Use the connected economy to be local and loved

The technologies available to business today offers an opportunity to deliver personalised, specialist and local services and yet remain a major player globally.

At a recent gathering of technology leaders, the discussion inevitably headed into the cloud. Amongst a diverse set of views I was sad to hear a chorus of voices who worked for organisations that viewed the cloud solely as a way to reduce cost. It was like I was taken back to 2007 and the debate back then that outsourcing would drastically cut business technology costs.

As we move into 2020s there continue to be organisations that believe the primary reason for using cloud is a straightforward shift from capex to opex. Organisations holding on to this view are ignoring recent history and therefore blind to the opportunities in front of them. 

Outsourcing's annals of history are jam packed with tales of failure because businesses threw their existing problems over the fence to the provider expecting both a reduction in costs and a miraculous solution to dogged issues - it was never thus. 

It is true that cloud can deliver a reduction in cost, but I increasingly hear from organisations that the cost saving was not as high as perhaps promised.

The real opportunity with cloud is to re-imagine how an organisation operates. This isn't just about using cloud as a vehicle to make major cuts and see a cost saving indirectly. Cloud is an opportunity to reassess the services an organisation offers and use the technology to deliver services a customer truly needs. As we have heard time and time again at conferences, the poster children of disruption completely revised existing services, but were a poor customer experience. Previously you could have found a spare room in a small advertisement for a short stay, but it was a long and often dodgy experience, a cloud enabled tool suddenly made spare rooms a better option for business travel than a chain hotel with no authenticity. Using a cab in capital cities like London was a miserable experience and very poor value prior to services from Addison Lee through to Uber arriving at the kerb.

Listening to the business leaders at this debate caused me concern because their organisations had not looked at technology and imagined how they could deliver the most valuable service they offer in the best way to the customer.

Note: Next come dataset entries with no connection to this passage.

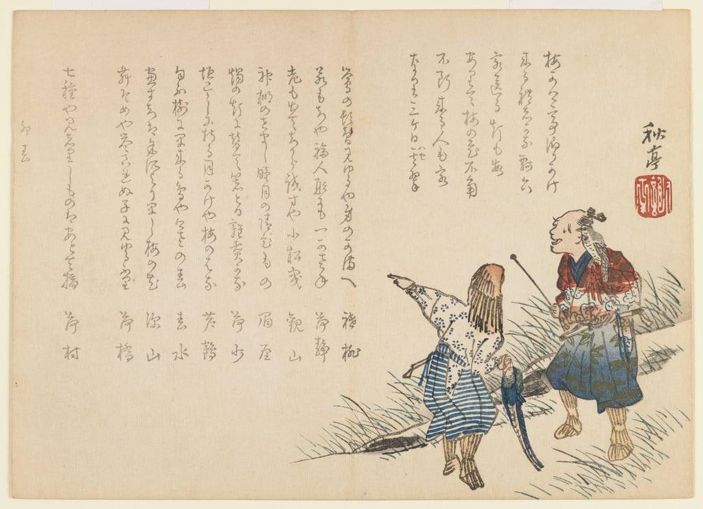 Falconer and Fisherman, 1855 (woodblock print) by Shûtei Tanaka (1810-1858)
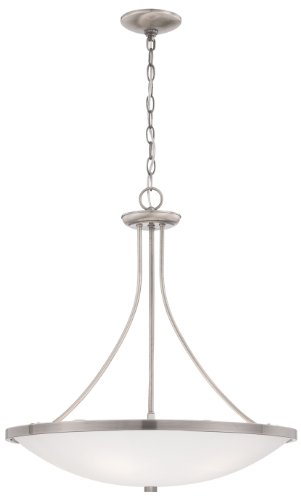 Finish:Satin Nickel, Shade:Frosted White Glass, Light Bulb:(5)60w A19 Med F Incand Blanko 5-Light Pendant Transitional collection of richly burnished metal bowls and flushes with opal glass.
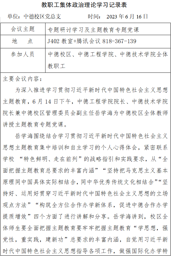 2023年6月第二次教职工集体政治理论学习
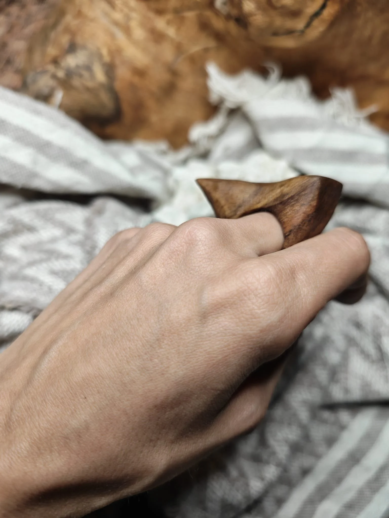 Ajunse la mine în atelier, primele sculpturi făcute din ea fac baza unei lămpi de podea. Acele fețe stilizate au produs și ele câteva deșeuri de nuc pe care le-am păstrat. Apoi am făcut o oglindă, cu o ramă organică și fluidă, care s-a vândut imediat. Apoi niște prieteni și-au dorit o consolă pentru canapea, unde să își pună o carte, un pahar. Cam dintr-o ușă întreagă mi-a ieșit o piesă utilă și a mai rămas ca rest zona găurită pentru mânere și încuietoarea, așa că le-am pus deoparte și pe ele.
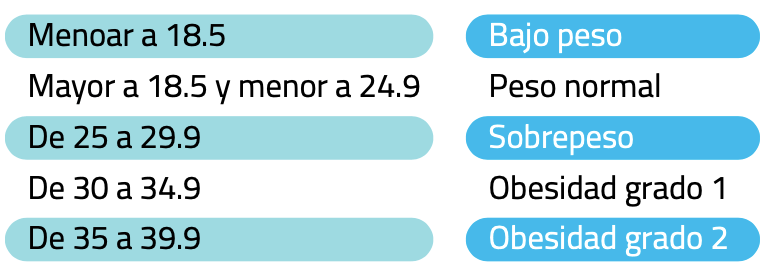 La obesidad es un trastorno crónico caracterizado por un exceso de grasa corporal que afecta la salud de manera significativa. La Organización Mundial de la Salud (OMS) define la obesidad como un índice de masa corporal (IMC) igual o superior a treinta unidades. El IMC se calcula dividiendo el peso de una persona en kilogramos entre el cuadrado de su altura en metros. En la tabla se muestra qué indica cada rango de IMC.
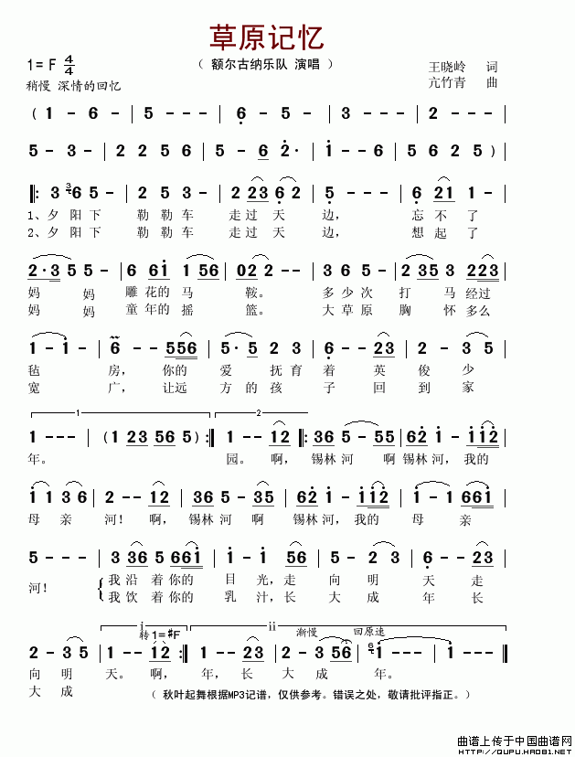 草原记忆-额尔古纳乐队(简谱 歌谱 歌曲简谱 合唱简谱 民歌简谱 影视歌曲简谱)

Disruption is not only changing business models but causing some major - and sometimes uncomfortable societal change - and in the process some quality services are being lost. As our retail, travel, leisure, media and financial services landscape changes there is a concerning level of imagination failure. 

The technologies available to these sectors allow them to deliver the most valuable and expert services in a far more meaningful, personalised and possibly most importantly local way than at any time in the last 30 years. Cloud is not a spring chicken anymore. Yet up and down the land - in any developed nation - local services are being eroded. Citizens with complex financial services needs, businesses requiring advice or customers unsure of whether a product really fits are increasingly directed to poor quality centralised services that are bland and lack understanding. Some digital products have, thankfully, improved things, but access to expertise is frustratingly difficult.